Article

Process of Things: Ensuring a Successful Connection Between Things

Posted January 17, 2017 | Technology | Amplify

CUTTER BUSINESS TECHNOLOGY JOURNAL,  VOL. 29, NO. 12
  

Internet of Things (IoT), smart cities, wearable devices, and virtual reality are some information and communications technology (ICT) buzzwords that are making the boundaries between reality and fiction vanish. According to Mark Weiser, the father of ubiquitous computing:

The most profound technologies are those that disappear. They weave themselves into the fabric of everyday life until they are indistinguishable from it.

While this weave is already happening through smart fabrics, for example, we expect that IoT (or “things” for short) will transparently blend with the know-how of enterprises commonly referred to as business processes (BPs). Although the ICT community considers the task the basic unit of work that implements a BP, the next trend is to allow things to be in charge of this implementation by forming ad hoc (i.e., on-the-fly/opportunistic) collaborative groups. This should happen through the concept of Process of Things (PoT), which will:

  • Guide the identification of things according to their capabilities

  • Allow things to take over new capabilities (i.e., mutation)

  • Facilitate the connection (and disconnection) of things through socially flavored relations

  • Incentivize or penalize things in response to their positive or negative participation in processes

PoT is the new way of tapping into the worlds of IoT and BP. PoT ensures that things will not function as silos but contribute collectively to offering value-added services to enterprises such as developing smart applications around connected things and reaching out to more customers through adaptable things. Predefined relations between things (e.g., parental, colocation, ownership) will support the development of networks of (privileged) contacts so that a thing can:

  1. Contact other things for possible connection in these networks

  2. Avoid conflicts with existing things in processes

  3. Recommend other things for either inclusion in or exclusion from processes based on past experiences

The ICT community is already building the Social Internet of Things (SIoT) using social relations among things (not among their owners) and is stressing the importance of exploiting these relations in developing smart applications. In a PoT, capabilities will prescribe a thing’s duties once it becomes activated and, thus, ready to form collaborative groups with other things. Capabilities would include sensing, storing, processing, diffusion, and reporting, with the option of combining them (e.g., sensing-and-processing).

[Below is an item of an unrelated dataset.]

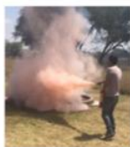
RECARGA Y MANTENIMIENTO DE EXTINTOR

Despite the ICT community’s interest in blending social computing with IoT, a good number of challenges and open issues that emerge out of this blend remain untackled. This includes defining a social-thing architecture, addressing the interoperability of things, discovering things, managing energy consumption of things, and handling the security, privacy, and trust of things, to cite just a few. On top of these challenges and issues, it is important to examine the on-the-fly com­bination of things, taking into account their dynamic capabilities and end users’ dynamic requirements. A PoT should have an operation model that inventories things according to a particular context (e.g., meeting room) and capitalizes on relations between things to expand this model.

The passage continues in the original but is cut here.